DATA RECORDS:
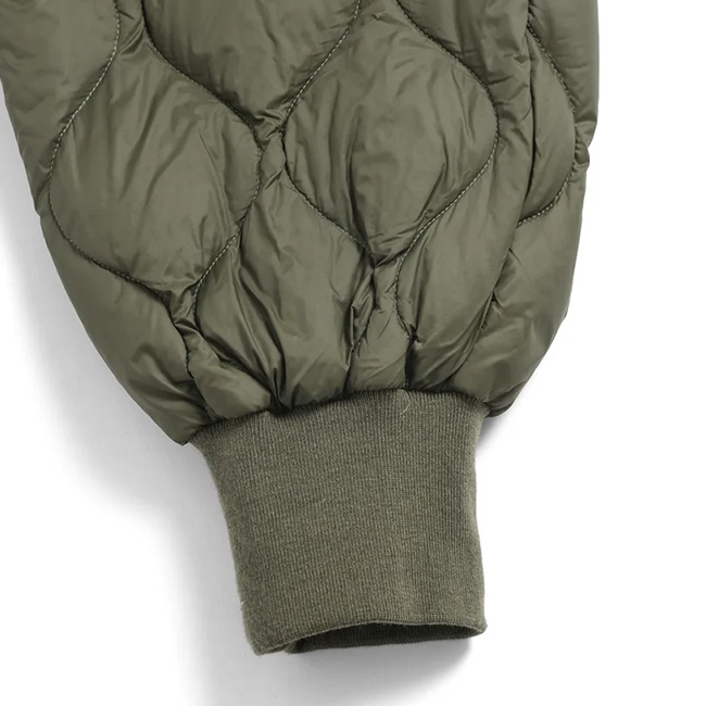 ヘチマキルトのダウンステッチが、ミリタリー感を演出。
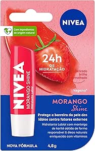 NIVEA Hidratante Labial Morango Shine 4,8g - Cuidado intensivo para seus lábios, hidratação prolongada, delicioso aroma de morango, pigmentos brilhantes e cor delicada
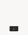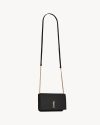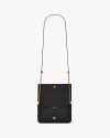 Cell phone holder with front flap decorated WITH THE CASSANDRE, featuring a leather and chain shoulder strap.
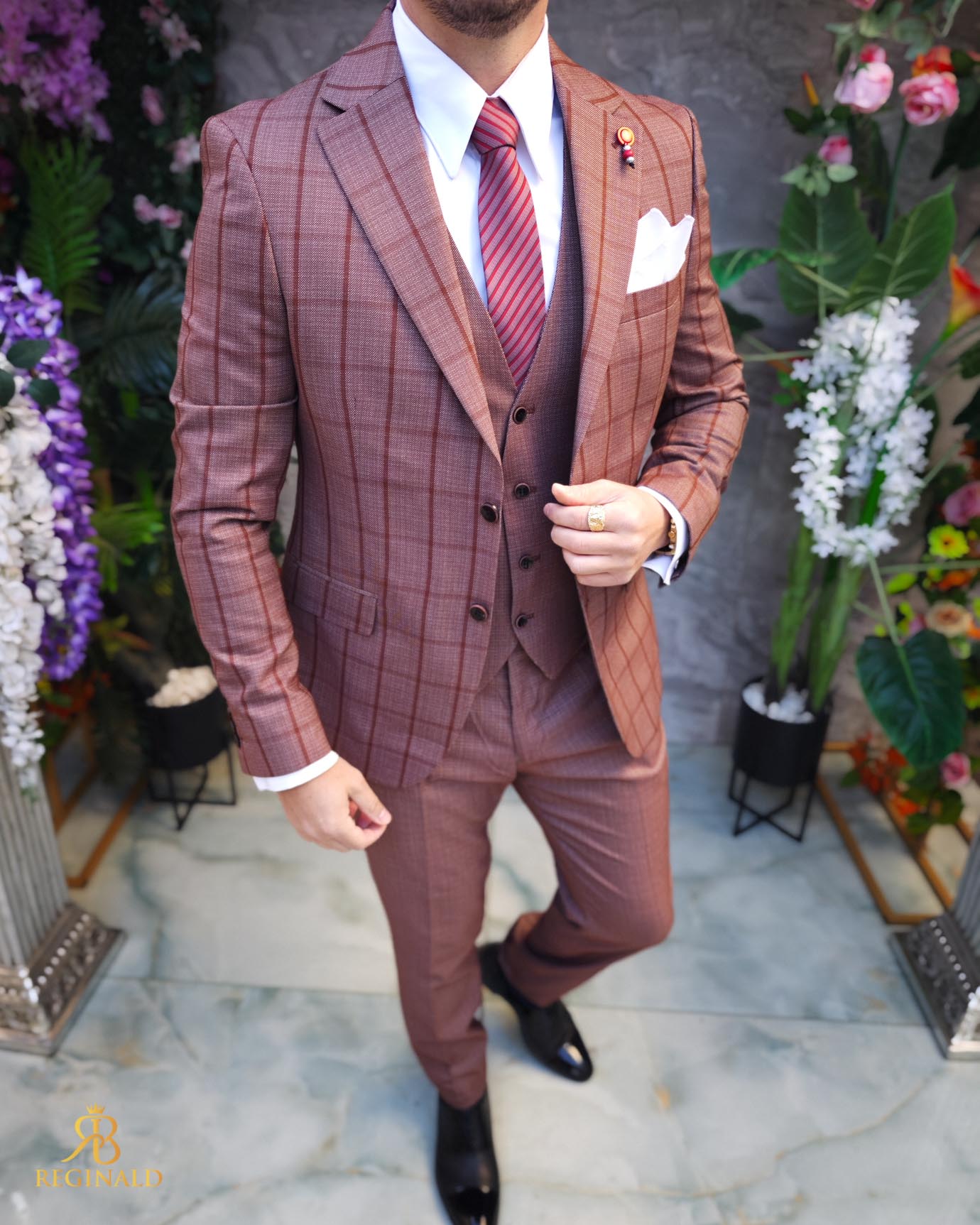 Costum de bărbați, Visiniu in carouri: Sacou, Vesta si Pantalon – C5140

---

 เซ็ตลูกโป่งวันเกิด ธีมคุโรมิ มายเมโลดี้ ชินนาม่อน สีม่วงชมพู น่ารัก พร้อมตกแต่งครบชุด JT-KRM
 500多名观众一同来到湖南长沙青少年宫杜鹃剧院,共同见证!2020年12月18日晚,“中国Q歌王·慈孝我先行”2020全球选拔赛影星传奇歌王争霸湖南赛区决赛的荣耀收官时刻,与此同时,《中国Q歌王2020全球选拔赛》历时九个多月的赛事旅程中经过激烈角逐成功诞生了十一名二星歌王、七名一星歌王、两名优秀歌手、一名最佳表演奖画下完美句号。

WHAT TO DO:
Write down exactly what the lines above say, from the line holding "ヘチマキルトのダウンステッチが、ミリタリー感を演出。" through the line holding "Costum de bărbați, Visiniu", and nothing more. Do not copy the pictures.

ANSWER AREA:
 ヘチマキルトのダウンステッチが、ミリタリー感を演出。
 NIVEA Hidratante Labial Morango Shine 4,8g - Cuidado intensivo para seus lábios, hidratação prolongada, delicioso aroma de morango, pigmentos brilhantes e cor delicada
 Cell phone holder with front flap decorated WITH THE CASSANDRE, featuring a leather and chain shoulder strap.
 Costum de bărbați, Visiniu in carouri: Sacou, Vesta si Pantalon – C5140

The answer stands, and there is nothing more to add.